В те дни в Петербурге проходила выставка древней новгородской иконы. Кузьма пошёл туда и замер, поражённый, перед Георгием Победоносцем. Монументальный святой восседал на непропорционально маленьком, хрупком, тонконогом коне. А рядом — кроваво-красный дракон, дикий, опасный, бешеный. Никакой прорисовки деталей. Всего несколько простых, чистых красок: красная, белая, золотая, синяя. «Как же я не догадался раньше! — поразился Кузьма. — Ведь сам без пяти минут богомаз»…

…Шестнадцатилетним он подался в ученики к старику иконописцу, научился искать подходящую глину по оврагам, гальку в реке. Потом дробить, распаривать, растирать всё это на яйце да на квасе, превращая в краски, пригодные для иконы. Лик Пресвятой Девы Марии в исполнении Кузьмы вышел совершенно живым, дышала каждая чёрточка! А батюшка в церкви увидел и разгневался: «Не Богоматерь, а плясовица. Так глазами и стрекает! Не буду эту доску святить». Потом ещё Кузьма подрядился расписать храм. Старался, ночей не досыпал. Да только, увидев плоды его труда, кафедральный епископ заболел нервным расстройством. Кончилось тем, что роспись смыли, а Кузьму прогнали взашей. Теперь-то он понял: поделом! Нечего увлекаться живописностью, нужно уметь видеть суть!

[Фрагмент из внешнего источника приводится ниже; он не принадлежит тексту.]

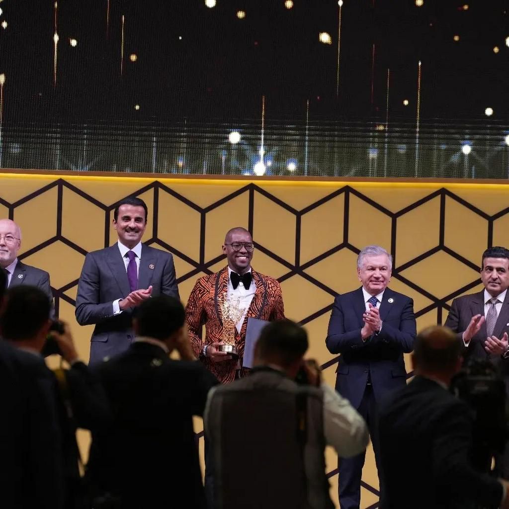The award was presented by the Emir of Qatar, Sheikh Tamim bin Hamad Al-Thani, and the President of Uzbekistan, Shavkat Mirziyoyev.

Вернувшись домой, Кузьма изрезал готовую картину ножом, взял новый холст и принялся писать заново. Название осталось прежним — «Купание красного коня». На этот раз конь действительно стал красным, как дракон на иконе. И у него теперь не было породы — это был сказочный конь, тонконогий и мощный, непропорционально большой, дикий, буйный под своим беззащитно-обнажённым, хрупким наездником. А красок хватило всего трёх — синей, жёлтой, красной. Никаких лишних деталей, никаких мелочей. Но глядишь на картину – становится страшно и весело.
«Купание красного коня» наделало много шуму. И даже давний недруг Петрова-Водкина — Репин, простояв перед полотном добрый час, изрек: «Да, этот художник талантлив!» А ведь двумя годами раньше тот же Илья Ефимович за маловразумительные аллегорические картины в духе «Мира искусства» ругал Кузьму сапожником, заигравшимся в эстетизм (если б Репин знал, что почти в точности повторяет слова ненавистного ему «мирискусника» Бенуа!). Видно, сама фамилия «Петров-Водкин» вызывала у людей ассоциацию с сапожным ремеслом. А Кузьма и не скрывал, что он — сын сапожника…

О непьющем сапожнике и чисто вымытых детях

Есть такая поговорка: хоть и не все пьяницы — сапожники, зато все сапожники — пьяницы. Известно — если кто сильно «набрался», про него говорят: пьян как сапожник. А уж когда сапожник носит фамилию Водкин, это и вовсе вызывает улыбку: мол, Бог шельму метит. К шестнадцати годам Сергей Петров-Водкин, будущий отец будущего живописца, а в те времена ученик сапожных дел мастера Акундина, по питейной части не уступал ни учителю, ни собственному легендарному деду Петру, когда-то известному на весь Хвалынск пьянице, прозванному Водкиным (детей Петра нарекали то Петровыми, то Водкиными, а в конце концов образовалась и закрепилась за семьей двойная фамилия). Но тут с Акундиным стало твориться неладное: что-то мерещилось, слышались какие-то голоса. Однажды он взял кроильный нож да и зарезал собственную жену, и сам вскоре скончался в страшных муках. Сергей Петров-Водкин был не глуп и запомнил урок навсегда. И сделался единственным сапожником на весь Хвалынск, в рот не бравшим водки. И при этом, может быть, самым искусным, потому что делал не просто сапоги, а лаковые «с форсом». «Девки от форса млеют», — уверял заказчиков Сергей Федорович. «Отец был мастером звуковой выразительности, его сапоги скрипели, как по камертону. Скоро весь город был охвачен этой модой», — вспоминал Кузьма Сергеевич, прославленный живописец, профессор Академии живописи, член нескольких научных обществ. «Самое трудное в жизни людей, подобных мне, это переход через всю ширину жизни от неграмотного отца через многое, что люди веками изучали, копили. И к тому же ещё прибавить свое, и не стать лакеем всего этого, и не разбить в этом что-нибудь ценное, подобно дикарю, впервые увидевшему сложные произведения человеческого ума».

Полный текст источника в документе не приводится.